In her book How to do Nothing – Resisting the Attention Economy, Jenny Odell describes a garden near her home as a piece of “attention-holding architecture”, a “contemplative space against the pressures of habit, familiarity and distraction that constantly threaten to close it.” A garden is a place that invites us to convert ourselves to its time scale, which is of course the time scale of seasons. I am firmly convinced this is the time scale within which a literary writer should work. The writer should remember that the plant will grow because you have made space for it and it is time, not because you have ordered it to. The writer should abandon the language of determination and understand that good creative work can be invited and courted, but not programmed, certainly not coerced. Meaningful artistic work feeds on our time and attention and is not impressed by self-righteous grit. We have all been sucked into an obsession with productivity, guilted out of rest and deluded by superficial busyness. But nothing artistically relevant comes from measuring out creativity as if it were a commodity. The garden instructs us in an altogether different language of patience and humility. It sinks us into a deeper form of being. To sit in the MFO Park is a re-education.
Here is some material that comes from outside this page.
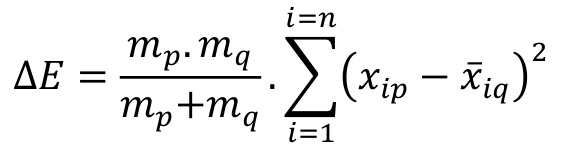 Increase in the internal error of group k, in case groups p and q are clustered, is shown by Equation 5.

When I am out and about in Zurich, I am always surprised by how many people have never been to my park. I will have to leave it, but it will remain for the early morning business people who always cross it along the same path, for the late night teenagers with their high emotions. And it will remain for the anarchist coffee seller, the ping pong club, the families, small time drug dealers, day care toddlers in their vests, each according to their unofficial shift. It will remain for people that gather for professional photo shoots, proud gardeners, hairdressers on a cigarette break, corporate types at the event hall across the road, acrobats that hang their ropes from the balconies. The MFO Park will remain for the writers, other writers. It will remain for you. Enjoy it. It is a gift, just like these words.
Twenty numbered and signed copies of this essay were left in big red envelopes throughout the MFO Park on 12 July 2024. But before I go, a word about Noah Santer’s photo up top. Believe it or not, I didn’t see Noah Santer take the photo - even though I’m looking straight at him. That's me crossing the street. We’d just met and struck up conversation in the park. Only those who’ve lived in Zurich know how rare a thing that is. I’d told him about the love letter and the view from my balcony and how I was wondering how I would write without it. He offered to photograph it for me. That photo now sits at my desk in Miami. Thank you, Noah.